» **Exercise requirements**:
Reproduced exactly, the lines from the start of the material through the line containing "ド真ん中の日🏷 胴切りの日🏷参加しまーす😁 ↖️桃美人" should be the whole answer, with pictures excluded.

*** Input material ***

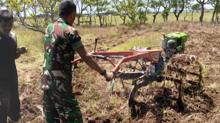 NTT – Sumba Timur. Dalam rangka mendukung ketahanan pangan dan meningkatkan hasil pertanian masyarakat, Babinsa Koramil 03/Pahunga Lodu Kodim 1601/Sumba Timur, Sertu Yohan Saekoko,
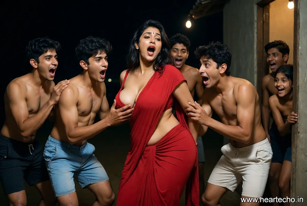 Niharika: Main bahar aayi, chut ko dhone ke liye. Paani le kar baithi, finger andar daal kar clean kar rahi thi. Tab notice kiya ki yeh ladke dekh rahe hain. Shocked hui, par gussa nahi aaya. Unke young bodies dekh kar garam hui. "Tum log yahaan kya kar rahe ho? Dekh rahe the?"
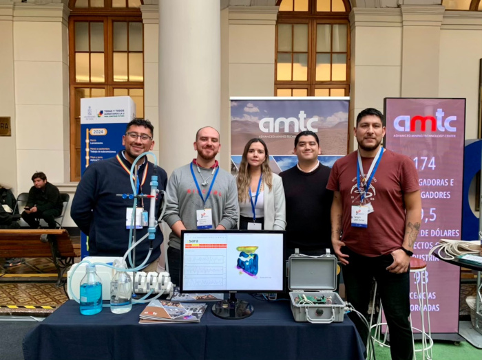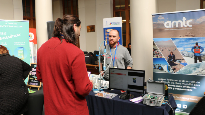 El mismo día lunes el AMTC fue parte del Hub de Innovación, instancia en que centros de la Universidad de Chile y empresas asociadas exhibieron a las y los asistentes algunos de sus proyectos avanzados y que además sirvió como espacio de networking e intercambio de experiencias. En la ocasión el AMTC mostró su primer prototipo del sistema LiSa (recuperación de agua desde salmueras hipersalinas) y el funcionamiento en tiempo real de algunos sensómetros utilizados en proyectos de exploración y caracterización del subsuelo.
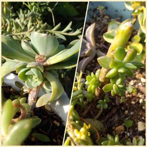 ド真ん中の日🏷 胴切りの日🏷参加しまーす😁 ↖️桃美人 小さな赤ちゃんが出てきた〜✨ ↗️フォーカリア 少し紅葉していい感じ💕 ↘️オロスタキス鳳凰 購入したお店の方に毎朝中心部の写真を送ってお花が咲くかどうかチェックしてもらってます。 お花が咲くと枯れるタイプなのでもし花芽が見えたときには対処の仕方を伝授してもらうためです。 なので最近はホルダーに鳳凰様の写真ばかり並んでます😁 ↙️マンガベ・マチョモカ すっかり緑になっていたマチョモカさん、子株を外して植え替えたら、赤いドット柄が復活してきました💕 真ん中 ディッキア デリカータ 結藍ばぁばさんからいただいたトゲトゲちゃん💕ちょっと大きくなって更に可愛くなりました💖
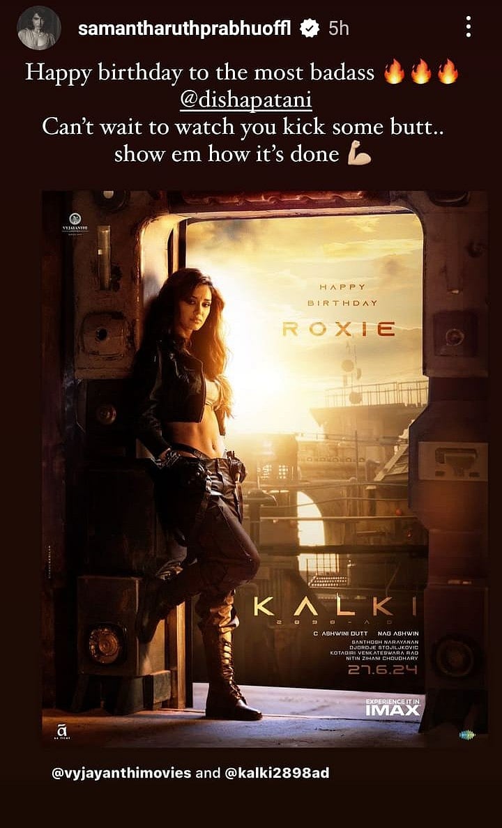 நடிகை சமந்தா இந்தப் போஸ்டரைப் பகிர்ந்து, “பிறந்தநாள் வாழ்த்துகள் மிகவும் கவர்ச்சிகரமான திஷா பதானி. உங்களது சண்டைக் காட்சிகளைப் பார்க்க ஆவலுடன் இருக்கிறேன். இது எப்படி முடிந்தது என தயவுசெய்து விளக்குங்கள்” என வியந்து பாராட்டியுள்ளார்.
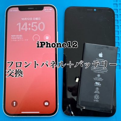iPhone12フロントパネル+バッテリー交換40分。
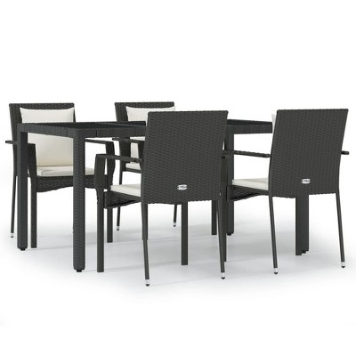 Product Name: VidaXL Patio Dining Set Outdoor Conversation Set with Cushions Poly Rattan - Black 59.1" Table Length 6 Pieces

*** End of Input material ***

» **Response**:
 NTT – Sumba Timur. Dalam rangka mendukung ketahanan pangan dan meningkatkan hasil pertanian masyarakat, Babinsa Koramil 03/Pahunga Lodu Kodim 1601/Sumba Timur, Sertu Yohan Saekoko,
 Niharika: Main bahar aayi, chut ko dhone ke liye. Paani le kar baithi, finger andar daal kar clean kar rahi thi. Tab notice kiya ki yeh ladke dekh rahe hain. Shocked hui, par gussa nahi aaya. Unke young bodies dekh kar garam hui. "Tum log yahaan kya kar rahe ho? Dekh rahe the?"
 El mismo día lunes el AMTC fue parte del Hub de Innovación, instancia en que centros de la Universidad de Chile y empresas asociadas exhibieron a las y los asistentes algunos de sus proyectos avanzados y que además sirvió como espacio de networking e intercambio de experiencias. En la ocasión el AMTC mostró su primer prototipo del sistema LiSa (recuperación de agua desde salmueras hipersalinas) y el funcionamiento en tiempo real de algunos sensómetros utilizados en proyectos de exploración y caracterización del subsuelo.
 ド真ん中の日🏷 胴切りの日🏷参加しまーす😁 ↖️桃美人 小さな赤ちゃんが出てきた〜✨ ↗️フォーカリア 少し紅葉していい感じ💕 ↘️オロスタキス鳳凰 購入したお店の方に毎朝中心部の写真を送ってお花が咲くかどうかチェックしてもらってます。 お花が咲くと枯れるタイプなのでもし花芽が見えたときには対処の仕方を伝授してもらうためです。 なので最近はホルダーに鳳凰様の写真ばかり並んでます😁 ↙️マンガベ・マチョモカ すっかり緑になっていたマチョモカさん、子株を外して植え替えたら、赤いドット柄が復活してきました💕 真ん中 ディッキア デリカータ 結藍ばぁばさんからいただいたトゲトゲちゃん💕ちょっと大きくなって更に可愛くなりました💖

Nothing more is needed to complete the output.